Supplied material
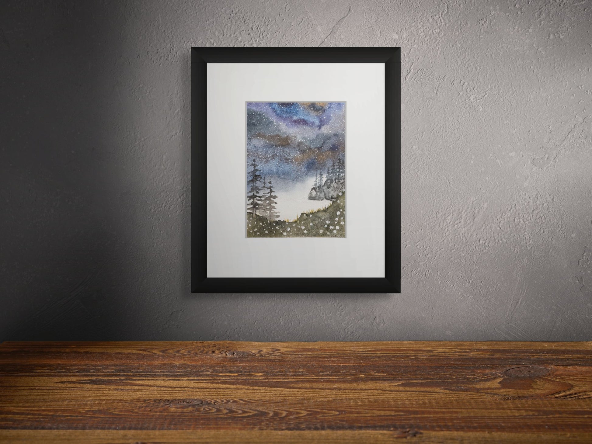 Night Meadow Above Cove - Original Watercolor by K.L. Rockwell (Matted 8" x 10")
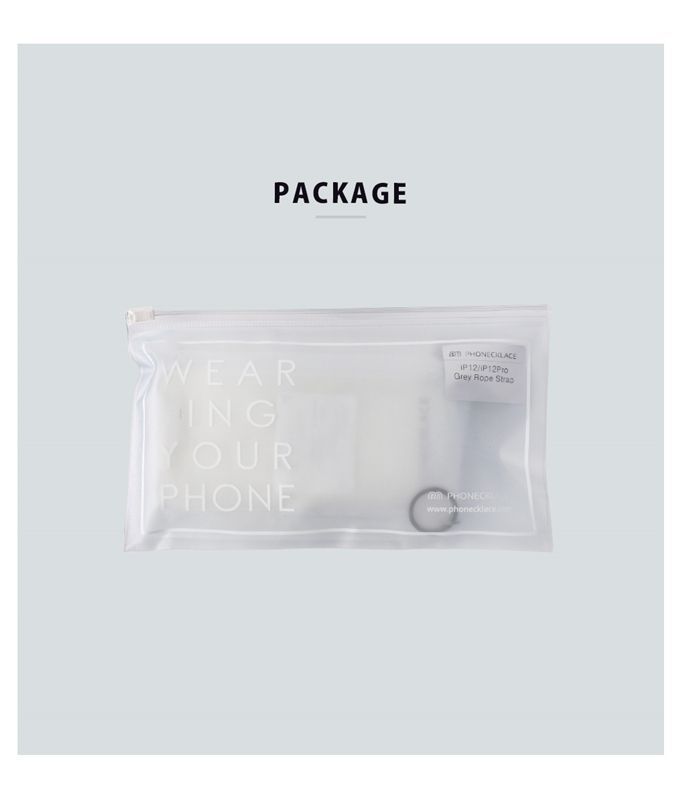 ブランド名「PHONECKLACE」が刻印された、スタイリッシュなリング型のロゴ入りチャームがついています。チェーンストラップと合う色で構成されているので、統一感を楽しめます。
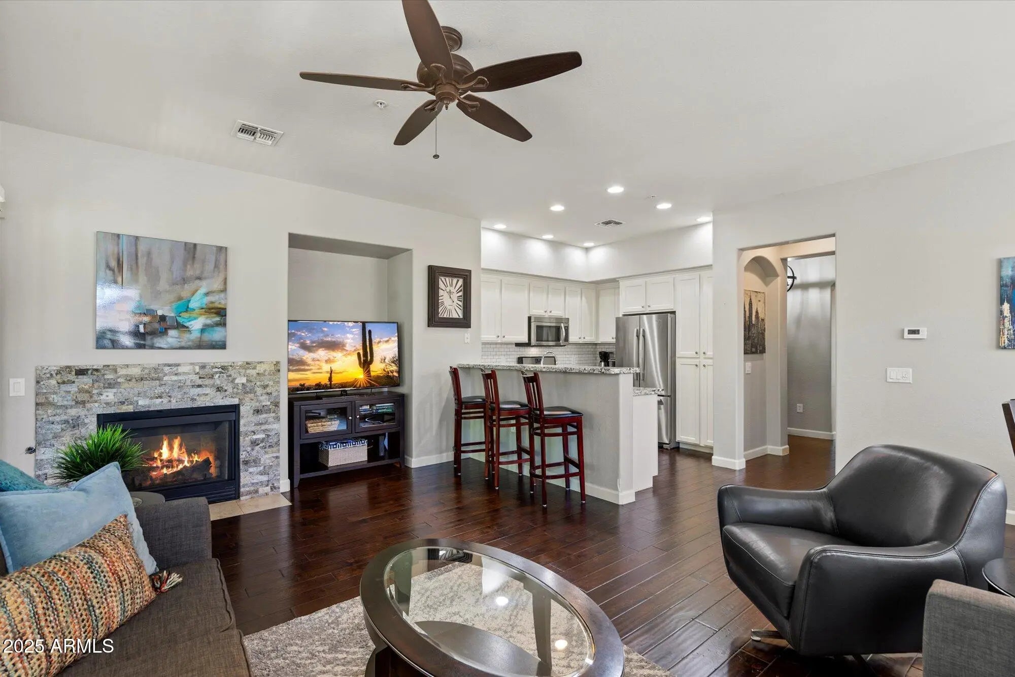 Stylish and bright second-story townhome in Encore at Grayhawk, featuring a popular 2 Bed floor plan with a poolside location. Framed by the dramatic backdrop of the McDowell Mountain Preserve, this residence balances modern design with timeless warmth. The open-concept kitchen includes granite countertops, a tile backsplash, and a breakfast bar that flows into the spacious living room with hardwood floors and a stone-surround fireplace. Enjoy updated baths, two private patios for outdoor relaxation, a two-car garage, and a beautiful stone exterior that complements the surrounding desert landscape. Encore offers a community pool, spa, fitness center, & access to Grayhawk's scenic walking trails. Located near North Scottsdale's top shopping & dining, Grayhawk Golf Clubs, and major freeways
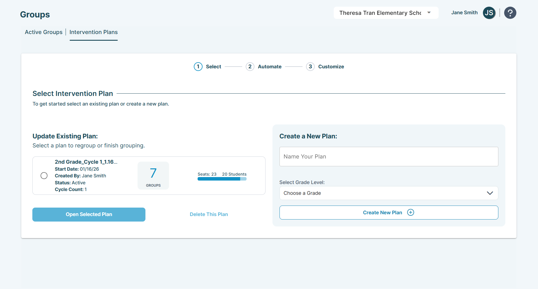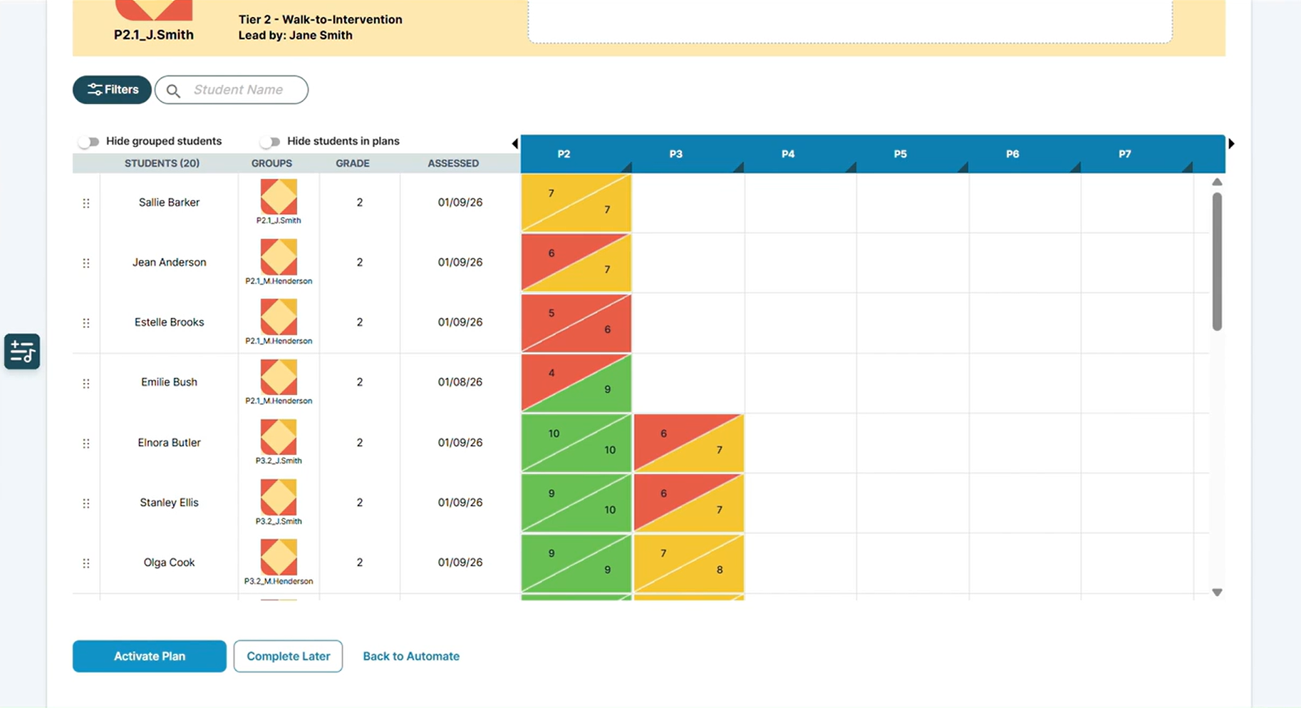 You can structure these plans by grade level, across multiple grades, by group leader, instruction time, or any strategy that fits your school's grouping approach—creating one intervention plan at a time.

Exercise details
Write out again, exactly, the lines from the start of the listing up to the line containing "ブランド名「PHONECKL", with both ends and without pictures.

Answer space
 Night Meadow Above Cove - Original Watercolor by K.L. Rockwell (Matted 8" x 10")
 ブランド名「PHONECKLACE」が刻印された、スタイリッシュなリング型のロゴ入りチャームがついています。チェーンストラップと合う色で構成されているので、統一感を楽しめます。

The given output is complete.